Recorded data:
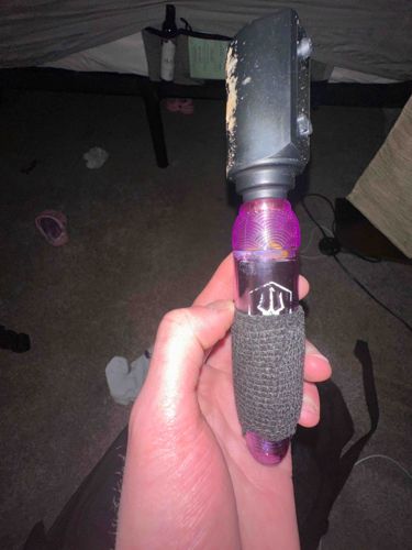 This is a modern rotary-style tattoo pen machine, identified by the distinctive trident-shaped logo on the central barrel, characteristic of the Triton brand. The device features a cylindrical pen-style chassis constructed from clear and translucent purple polycarbonate or acrylic materials, allowing internal mechanisms to be partially visible. It is equipped with a black, top-mounted wireless battery pack, which is connected via a standard interface, likely RCA. The grip section of the pen is currently wrapped in black cohesive self-adherent bandage (grip tape) for ergonomic comfort and hygiene during operation. Directly above the grip tape, the clear housing displays a white trident graphic, and above that, a translucent purple section showcases an engraved or printed geometric wave pattern. Regarding condition, the wireless battery pack at the top shows significant wear, with noticeable white scuffing or material degradation on the side, suggesting heavy use or impact. The bottom purple tip where the needle cartridge would be inserted appears intact. This style of machine is typical of contemporary professional tattoo equipment (post-2015), designed for portability and freedom from power cords through the use of high-capacity lithium-ion battery attachments.
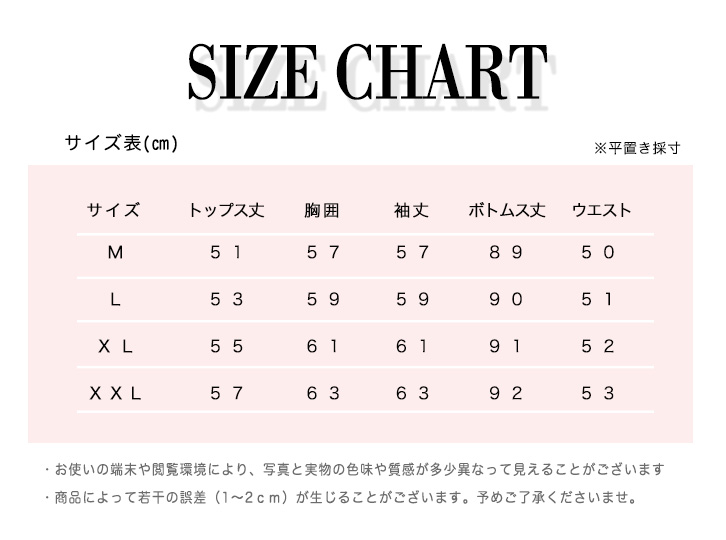 XL:トップス丈55/胸囲61/袖丈61/ボトムス丈91/ウエスト52
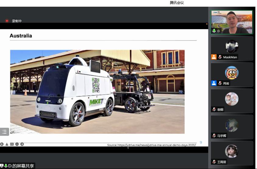 讲座中,杜博士以5G、自动驾驶和物联网为背景,深入浅出地介绍了未来公共交通领域的发展方向,以及例举了新加坡、澳大利亚的前沿研究动态。另外,详细介绍了动态无人驾驶城市公共交通(DART)系统的框架结构和现有的挑战。
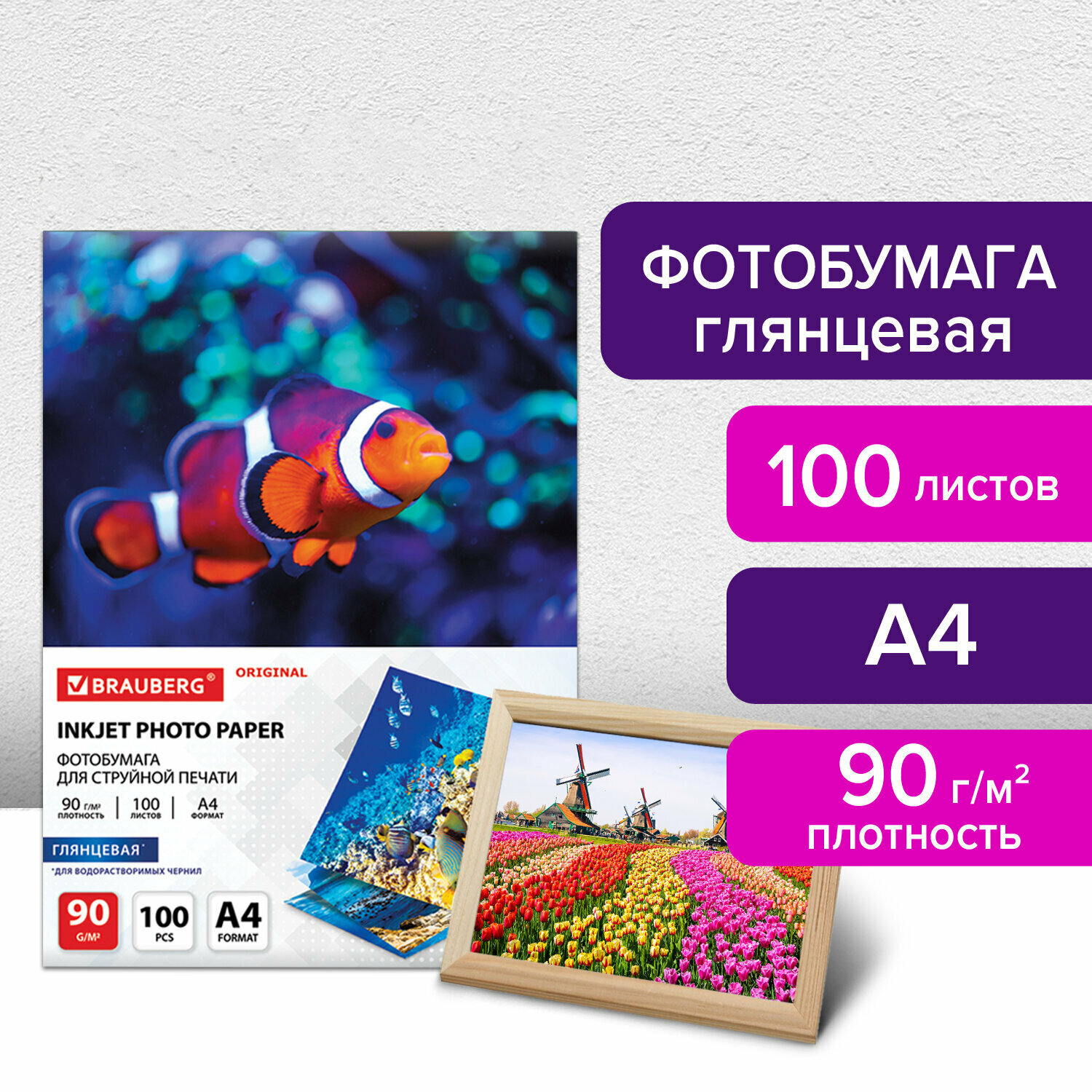 10 цен на Фотобумага глянцевая / бумага для печати фото на струйных принтерах, А4, 90 г/м2, односторонняя, 100 листов, Brauberg Original, 363978
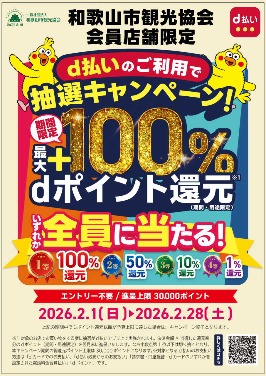 2026年2月1日(日)~2月28日(土)の期間中、和歌山県和歌山市内にある「和歌山市観光協会の会員店舗」での会計時、d払いで支払うと、抽選でdポイントが100%還元されるキャンペーンが実施されます。対象店舗をチェックして、お得な機会にd払いでお買い物を楽しもう♪
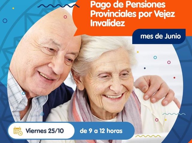 OBERÁ. Se está pagando las pensiones por vejez e invalidez correspondiente al mes de Junio. Se solicita a los beneficiarios acercarse a percibir la pensión, de lunes a viernes de 7 a 12hs en las oficinas del Departamento de Adultos Mayores, ubicado por calle Buenos Aires 59.
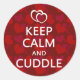 Fique calmo e abraço. Um Dia de os namorados bonito e engraçado com a tendência popular de cultura "mantenha a calma e o carregar". Dois corações vermelhos e brancos bonitos enviam uma mensagem sentimental para o seu amado. Corações vermelhos escuros e texto branco é excelente para um namorado, namorada ou amigo peludo que ama se abraçar e se aproximar. Todos os Designs Copyright © 2012 www.CuteComfy.com
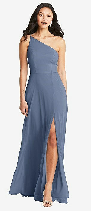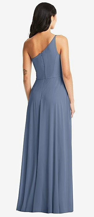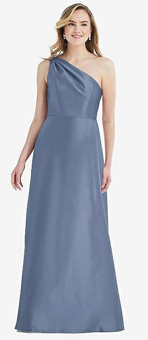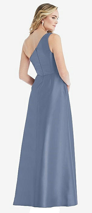 One-Shoulder Satin Gown with Draped Front Slit and Pockets in larkspur blue
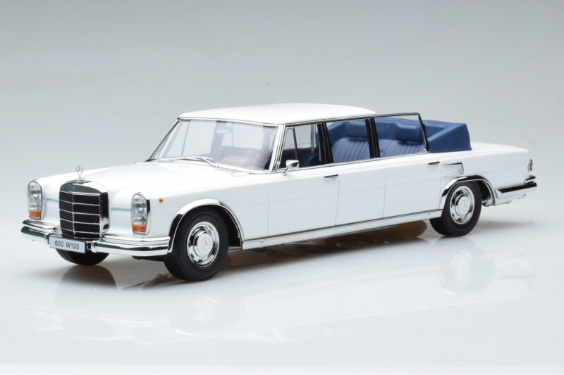 A 1:18 scale model measures approximately 25-28 cm (approximately 10-11 inches). The Mercedes 600 Pullman W100 Landaulet Blanc KK-Scale 1:18 is perfect for display in a glass cabinet or on a shelf.
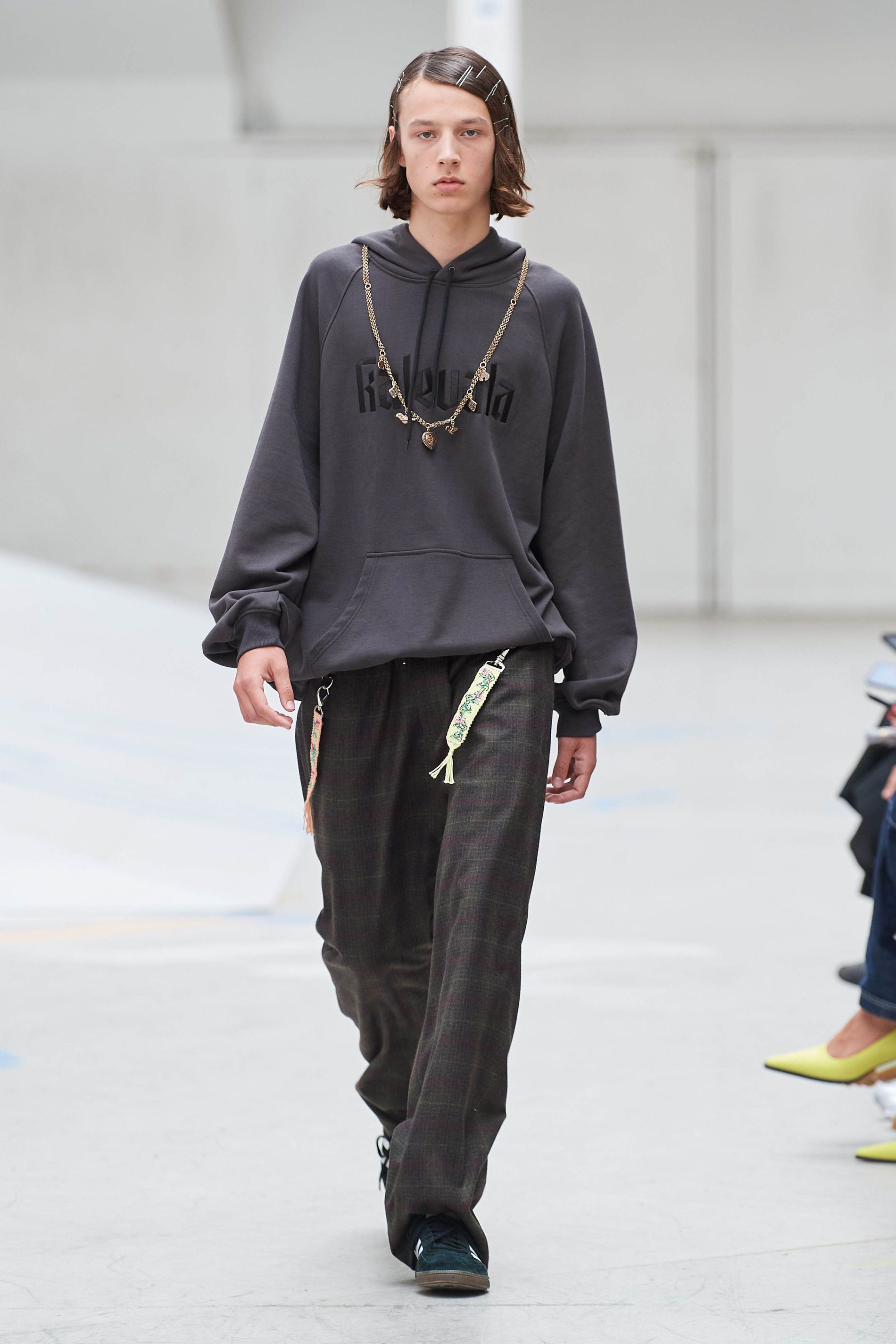 The many points of nostalgia span the designer's youth during the 1990s, his parents' in the 1960s, and his grandparents' in the 1930s. References should be “quite obvious throughout the collection,” according to Ekroth. The rose is a uniting motif linking the seemingly disparate periods; the three hand-painted floral prints – offset by breezy pastels borrowed from Ekroth’s memories and dark woollen tartans – play on the idea of looking at the past through rose-coloured glasses.
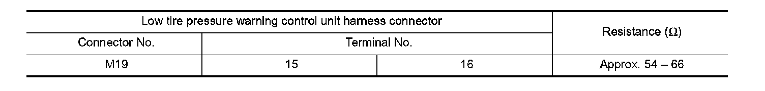 2. Check the resistance between the low tire pressure warning control unit harness connector terminals.
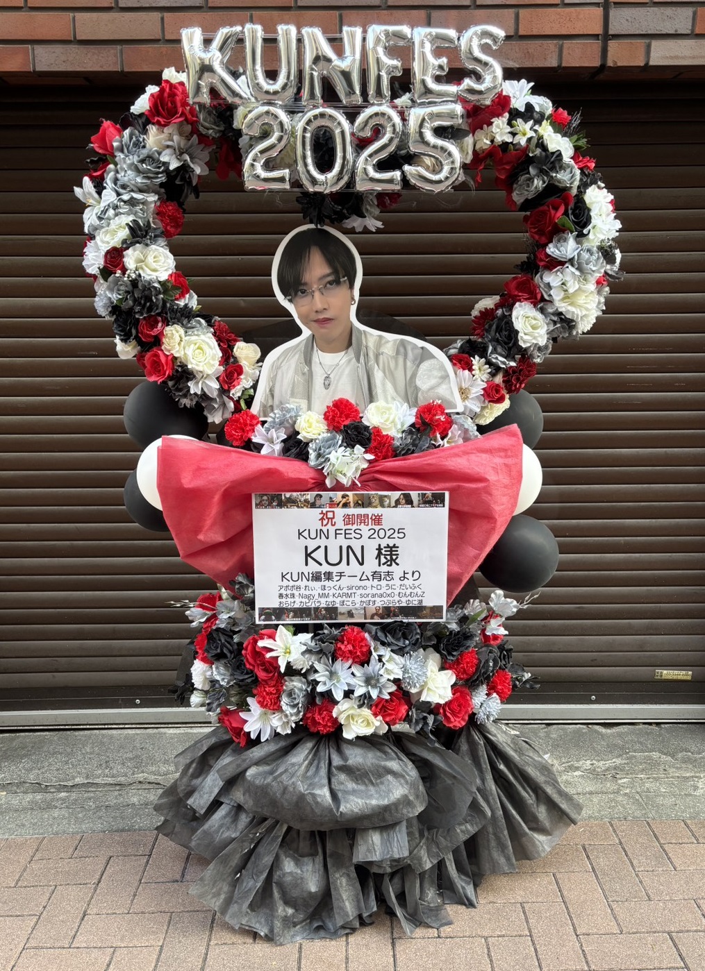 赤、黒、白を基調としたクールで情熱的なフラスタ。KUNさんのパネルが映える豪華なデザインです。

PROBLEM: Your task is to return the entries above exactly, with no pictures.

ANSWER BOX:
 This is a modern rotary-style tattoo pen machine, identified by the distinctive trident-shaped logo on the central barrel, characteristic of the Triton brand. The device features a cylindrical pen-style chassis constructed from clear and translucent purple polycarbonate or acrylic materials, allowing internal mechanisms to be partially visible. It is equipped with a black, top-mounted wireless battery pack, which is connected via a standard interface, likely RCA. The grip section of the pen is currently wrapped in black cohesive self-adherent bandage (grip tape) for ergonomic comfort and hygiene during operation. Directly above the grip tape, the clear housing displays a white trident graphic, and above that, a translucent purple section showcases an engraved or printed geometric wave pattern. Regarding condition, the wireless battery pack at the top shows significant wear, with noticeable white scuffing or material degradation on the side, suggesting heavy use or impact. The bottom purple tip where the needle cartridge would be inserted appears intact. This style of machine is typical of contemporary professional tattoo equipment (post-2015), designed for portability and freedom from power cords through the use of high-capacity lithium-ion battery attachments.
 XL:トップス丈55/胸囲61/袖丈61/ボトムス丈91/ウエスト52
 讲座中,杜博士以5G、自动驾驶和物联网为背景,深入浅出地介绍了未来公共交通领域的发展方向,以及例举了新加坡、澳大利亚的前沿研究动态。另外,详细介绍了动态无人驾驶城市公共交通(DART)系统的框架结构和现有的挑战。
 10 цен на Фотобумага глянцевая / бумага для печати фото на струйных принтерах, А4, 90 г/м2, односторонняя, 100 листов, Brauberg Original, 363978
 2026年2月1日(日)~2月28日(土)の期間中、和歌山県和歌山市内にある「和歌山市観光協会の会員店舗」での会計時、d払いで支払うと、抽選でdポイントが100%還元されるキャンペーンが実施されます。対象店舗をチェックして、お得な機会にd払いでお買い物を楽しもう♪
 OBERÁ. Se está pagando las pensiones por vejez e invalidez correspondiente al mes de Junio. Se solicita a los beneficiarios acercarse a percibir la pensión, de lunes a viernes de 7 a 12hs en las oficinas del Departamento de Adultos Mayores, ubicado por calle Buenos Aires 59.
 Fique calmo e abraço. Um Dia de os namorados bonito e engraçado com a tendência popular de cultura "mantenha a calma e o carregar". Dois corações vermelhos e brancos bonitos enviam uma mensagem sentimental para o seu amado. Corações vermelhos escuros e texto branco é excelente para um namorado, namorada ou amigo peludo que ama se abraçar e se aproximar. Todos os Designs Copyright © 2012 www.CuteComfy.com
 One-Shoulder Satin Gown with Draped Front Slit and Pockets in larkspur blue
 A 1:18 scale model measures approximately 25-28 cm (approximately 10-11 inches). The Mercedes 600 Pullman W100 Landaulet Blanc KK-Scale 1:18 is perfect for display in a glass cabinet or on a shelf.
 The many points of nostalgia span the designer's youth during the 1990s, his parents' in the 1960s, and his grandparents' in the 1930s. References should be “quite obvious throughout the collection,” according to Ekroth. The rose is a uniting motif linking the seemingly disparate periods; the three hand-painted floral prints – offset by breezy pastels borrowed from Ekroth’s memories and dark woollen tartans – play on the idea of looking at the past through rose-coloured glasses.
 2. Check the resistance between the low tire pressure warning control unit harness connector terminals.
 赤、黒、白を基調としたクールで情熱的なフラスタ。KUNさんのパネルが映える豪華なデザインです。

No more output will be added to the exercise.